*Given records*.
──────────────────────────────

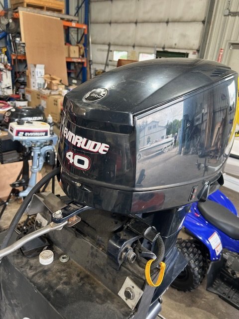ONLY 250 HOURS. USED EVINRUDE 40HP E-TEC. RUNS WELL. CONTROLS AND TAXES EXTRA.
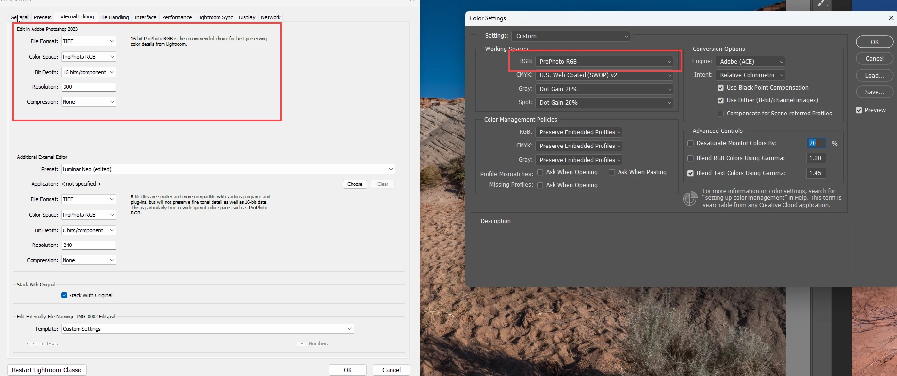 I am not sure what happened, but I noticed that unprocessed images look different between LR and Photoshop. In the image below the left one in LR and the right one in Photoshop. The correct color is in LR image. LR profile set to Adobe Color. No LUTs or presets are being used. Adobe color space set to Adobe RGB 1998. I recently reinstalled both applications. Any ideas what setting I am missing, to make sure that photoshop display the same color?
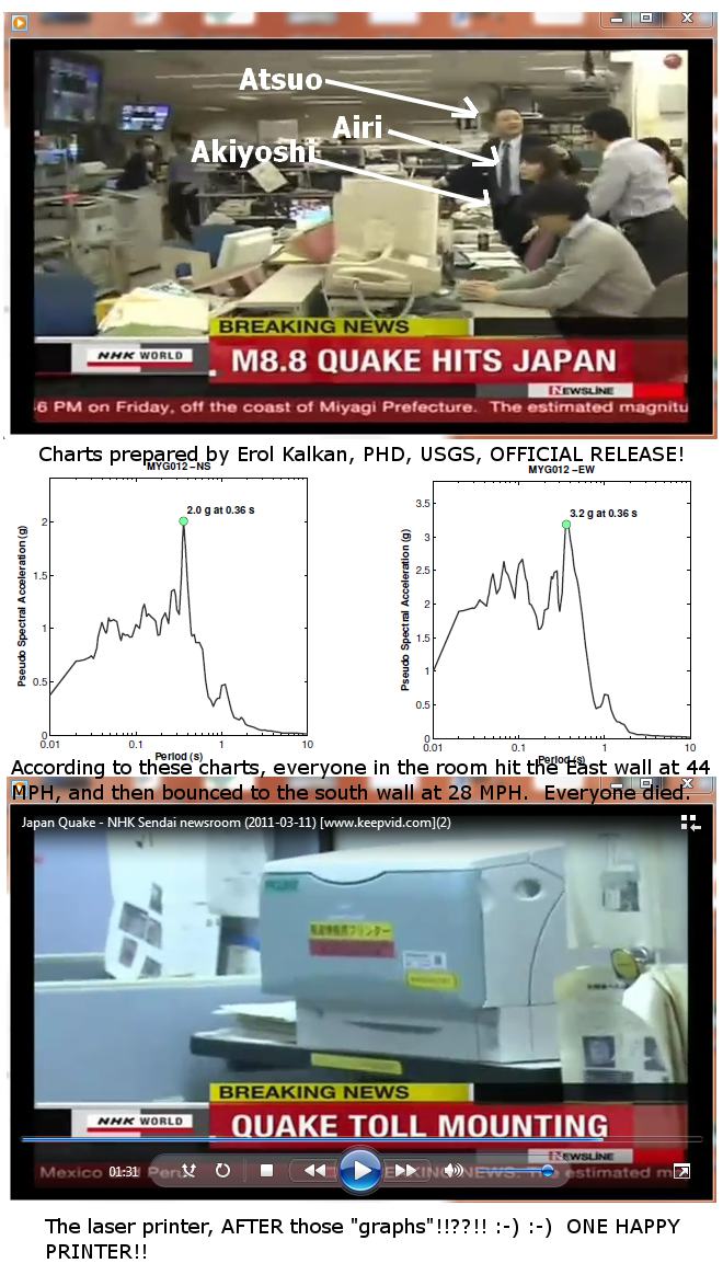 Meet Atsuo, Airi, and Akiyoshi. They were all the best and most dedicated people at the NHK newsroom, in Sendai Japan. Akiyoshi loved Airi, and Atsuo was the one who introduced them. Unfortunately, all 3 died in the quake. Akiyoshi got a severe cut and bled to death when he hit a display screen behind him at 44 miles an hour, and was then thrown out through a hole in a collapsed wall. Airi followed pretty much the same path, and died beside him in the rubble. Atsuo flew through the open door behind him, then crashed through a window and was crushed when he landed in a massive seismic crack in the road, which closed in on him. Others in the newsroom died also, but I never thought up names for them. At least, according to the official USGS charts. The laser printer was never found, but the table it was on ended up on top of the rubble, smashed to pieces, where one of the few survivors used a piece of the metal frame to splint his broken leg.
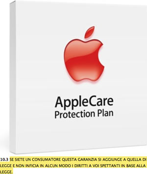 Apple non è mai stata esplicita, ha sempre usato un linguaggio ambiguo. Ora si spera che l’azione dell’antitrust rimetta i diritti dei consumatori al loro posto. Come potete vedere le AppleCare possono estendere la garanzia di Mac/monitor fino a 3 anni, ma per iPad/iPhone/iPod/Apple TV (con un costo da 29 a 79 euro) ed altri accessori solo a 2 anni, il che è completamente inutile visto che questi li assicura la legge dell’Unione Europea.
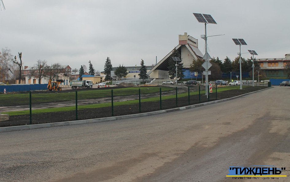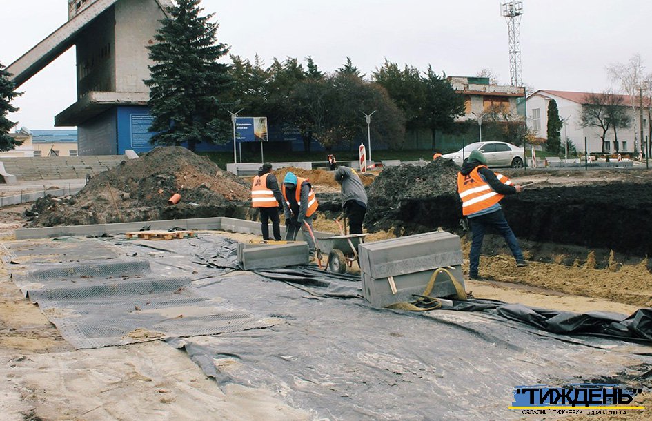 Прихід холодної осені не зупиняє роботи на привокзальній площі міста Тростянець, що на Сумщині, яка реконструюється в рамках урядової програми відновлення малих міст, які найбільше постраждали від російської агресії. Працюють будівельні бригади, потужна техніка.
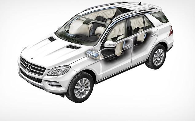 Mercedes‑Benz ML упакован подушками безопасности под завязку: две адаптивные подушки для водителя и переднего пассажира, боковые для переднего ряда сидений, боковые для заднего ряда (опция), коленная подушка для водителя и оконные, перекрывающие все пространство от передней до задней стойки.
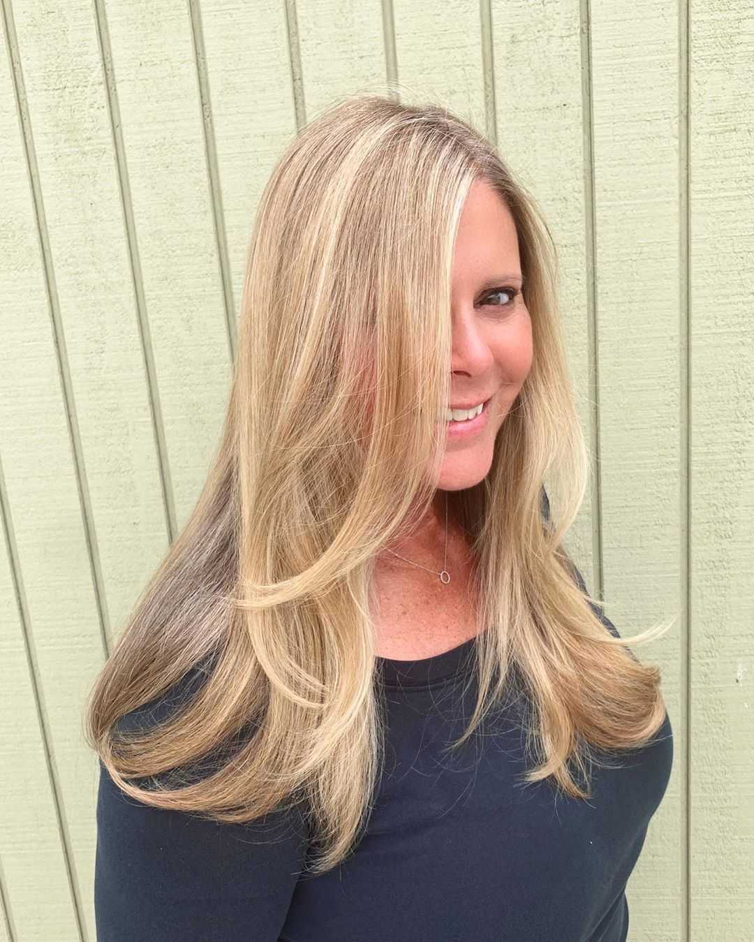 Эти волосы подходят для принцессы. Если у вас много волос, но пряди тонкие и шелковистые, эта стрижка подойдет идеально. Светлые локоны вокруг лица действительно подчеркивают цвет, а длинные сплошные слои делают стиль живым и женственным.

──────────────────────────────

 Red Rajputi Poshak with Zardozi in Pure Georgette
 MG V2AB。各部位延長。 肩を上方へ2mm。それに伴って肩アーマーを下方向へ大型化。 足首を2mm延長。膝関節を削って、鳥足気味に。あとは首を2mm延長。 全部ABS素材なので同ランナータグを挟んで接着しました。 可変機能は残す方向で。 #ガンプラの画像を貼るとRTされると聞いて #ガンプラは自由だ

──────────────────────────────

*Task to complete*.
Copy only what lies between the line with "Apple non è" and the line with "Эти волосы подходят", those two lines included, exactly as given above; pictures stay out.

*Result of the exercise*.
 Apple non è mai stata esplicita, ha sempre usato un linguaggio ambiguo. Ora si spera che l’azione dell’antitrust rimetta i diritti dei consumatori al loro posto. Come potete vedere le AppleCare possono estendere la garanzia di Mac/monitor fino a 3 anni, ma per iPad/iPhone/iPod/Apple TV (con un costo da 29 a 79 euro) ed altri accessori solo a 2 anni, il che è completamente inutile visto che questi li assicura la legge dell’Unione Europea.
 Прихід холодної осені не зупиняє роботи на привокзальній площі міста Тростянець, що на Сумщині, яка реконструюється в рамках урядової програми відновлення малих міст, які найбільше постраждали від російської агресії. Працюють будівельні бригади, потужна техніка.
 Mercedes‑Benz ML упакован подушками безопасности под завязку: две адаптивные подушки для водителя и переднего пассажира, боковые для переднего ряда сидений, боковые для заднего ряда (опция), коленная подушка для водителя и оконные, перекрывающие все пространство от передней до задней стойки.
 Эти волосы подходят для принцессы. Если у вас много волос, но пряди тонкие и шелковистые, эта стрижка подойдет идеально. Светлые локоны вокруг лица действительно подчеркивают цвет, а длинные сплошные слои делают стиль живым и женственным.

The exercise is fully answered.